Generally, compressing an audio file, in particular a music file, using a lossy encoding scheme, such as MP3, leads to a decreased audio quality. The audio cannot be restored in its original quality, because due to the compression, for instance, high frequencies are lost, transients are distorted or weakened and other artifacts are introduced.
Early attempts to address this problem suggest recovering the original audio quality by using bandwidth extension techniques, as disclosed, for instance, in U.S. Pat. No. 7,916,876 and EP1915026. More recent attempts to address this problem suggest the use of equalization or bass maximization techniques, as disclosed, for instance, in U.S. Pat. Nos. 6,865,430 and 6,606,388. U.S. Pat. No. 9,135,920 discloses a mid/side decomposition of a stereo signal, which is a very simple improvement compared to modifying the whole signal.
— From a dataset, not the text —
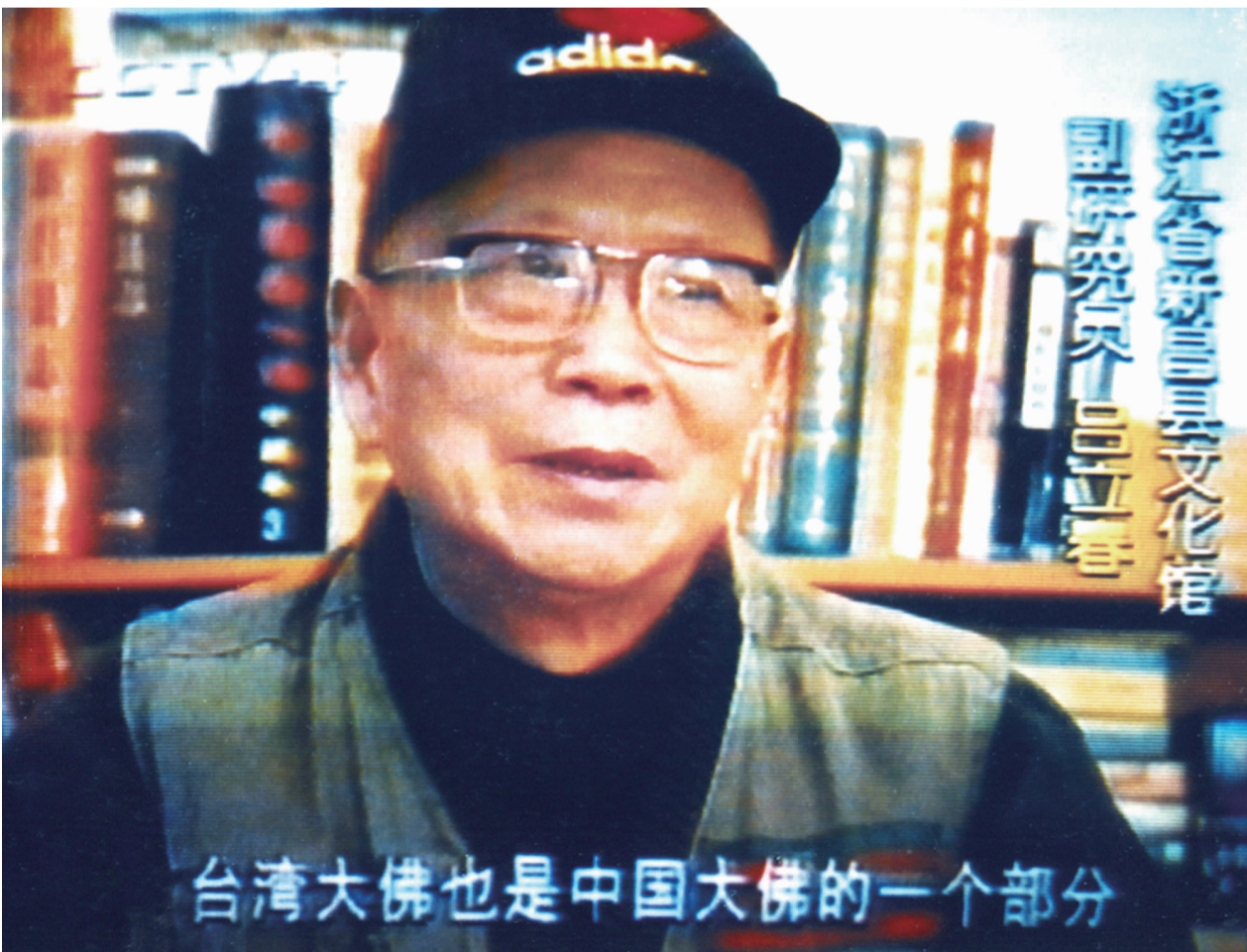
面对央视记者,作者动情地说:“台湾大佛也是中国大佛的一个部分。”(央视截屏)

The conventional methods for improving the quality of compressed audio files, in particular music files, rely on bandwidth extension only to regenerate high frequency and/or general sound effects to increase perceptual quality (e.g., equalization). Thus, conventional bandwidth extension systems are mostly implemented consisting of a separate step to detect the cutoff frequency and, subsequently, to estimate the parts of the audio file above this estimated cutoff frequency lost due to compression. However, high frequency audio content in general is perceptually of little relevance (at frequencies above 12 kHz many people cannot perceive sound at all) and the detection of the actual high-frequency cut-off frequency is a difficult task. Moreover, other important effects on the perceived quality of the music that are not addressed by the conventional methods are the so-called “holes” in the spectrogram which create audible artifacts (“musical noise”, “birdie sounds”) and the loss of the presence of attacks.
Thus, there is a need for an improved audio signal processing apparatus and method which allow, in particular, enhancing the quality of compressed audio signals.